Computer Chess Club Archives




Subject: Re: MTD(f) (was Re: New(?) search idea.)

Author: Don Dailey

Date: 22:19:24 01/22/98

Go up one level in this thread


This is a good post from you.  It does address many of my misgivings
with MTD(f) and your experiences closly mirror mine.

First of all I didn't mean to imply you were not a performance freak,
I know in fact that you are.  Also I want to emphasize that I'm not
critical of you or anyone else who does not use MTD(f).  I can see
you clearly understand the problems involved and have made an informed
decision.  I can't even say for sure my decision to use it is right.

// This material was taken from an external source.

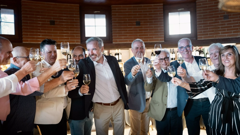 Azcón, que ha participado en una de las catas que ofrece el Festival, ha minimizado los datos coyunturales sobre las vendimias. "El secreto está en el buen trabajo. El Somontano puede tener años mejores y peores en el número kilos de uvas que se recojan, pero el trabajo que se lleva haciendo durante muchísimos años en el Somontano es lo que ha hecho que sea una marca de prestigio indudable. Ahora, que el sector del vino está sufriendo los problemas de los aranceles, de Trump y el mercado estadounidense, el Somontano por el magnífico trabajo que ha hecho puede alardear de que el 80 % sus ventas son aquí en España. Y el otro 20 % se consumen en Europa. Eso significa que la marca de calidad y el buen trabajo del producto es la garantía de éxito. Este año la cosecha será un poco mejor o peor, pero lo importante es que los viticultores de la DOP Somontano han conseguido que éste sea un éxito y que va a durar mucho más que 25 años el Festival del Vino del Somontano".

We do get a lot of benefit from it so it's hard to throw it away.
Your point about the PV's cancelling the benefit of the speedup it
probably not the case, at least for us.  I agree it cancels some
of the benefit but we do in fact predict a lot of moves.  It just
really pisses me off that occasionally a really obvious move like
a recapture does not get predicted and we have lost some free time.
But most of the time we get these.   A good solution for tournaments
is to do a short search for prediction and this will always produce
a good move.  We could do a 9 ply search for instance and stop if
it exceeds 1/2 second or some such hack.  It's ugly but workable.

I am with you in my distaste for this behavior.  I HATE these ugly
PV's I cannot trust.  I have yet to see what will happen when I
implement proper PV's but I'll let you know.  Your note is discouraging!

I realized you clearly knew what you were talking about (as if there
was any doubt!) when you brought up the issue of lazy evaluation!
Yes, mtd(f) plays hell with it.   I have always relied heavily on
lazy evaluation (I call it score fudging) but over the years have
grown to hate it.  With mtd(f) my experiences with it have been
awful.  mtd(f) (for those watching) relies heavily on the scores
returned from each probe.  With lazy evaluation you tend to return
relaxed scoring information which affects the efficiency of mtd(f)!
Your nodes per second go up, but the number of nodes needed go up
to match it!  It really sucks!  There is also some bad side behavior
if your "fudge margin" is too small AND it crosses the beta boundary.
For instance you
interpret (sc - fudge) as a lower bound because it is above beta but
fudge is too small and it turns out the real situation is that the
score is in fact and upper bound (below beta!)   Your error can
propogate to the root and be more than the difference between your
error and fudge when this happens.  What happens is blunders.
My solution to this one was to limit the evaluation so that it never
was greater than FUDGE in either direction.  Another hack.  I
discovered this one when the error got GREATER as I increased the
fudge margin until it exactly matched my error and was suddenly
fixed.  This never happened unless the error "crossed over!"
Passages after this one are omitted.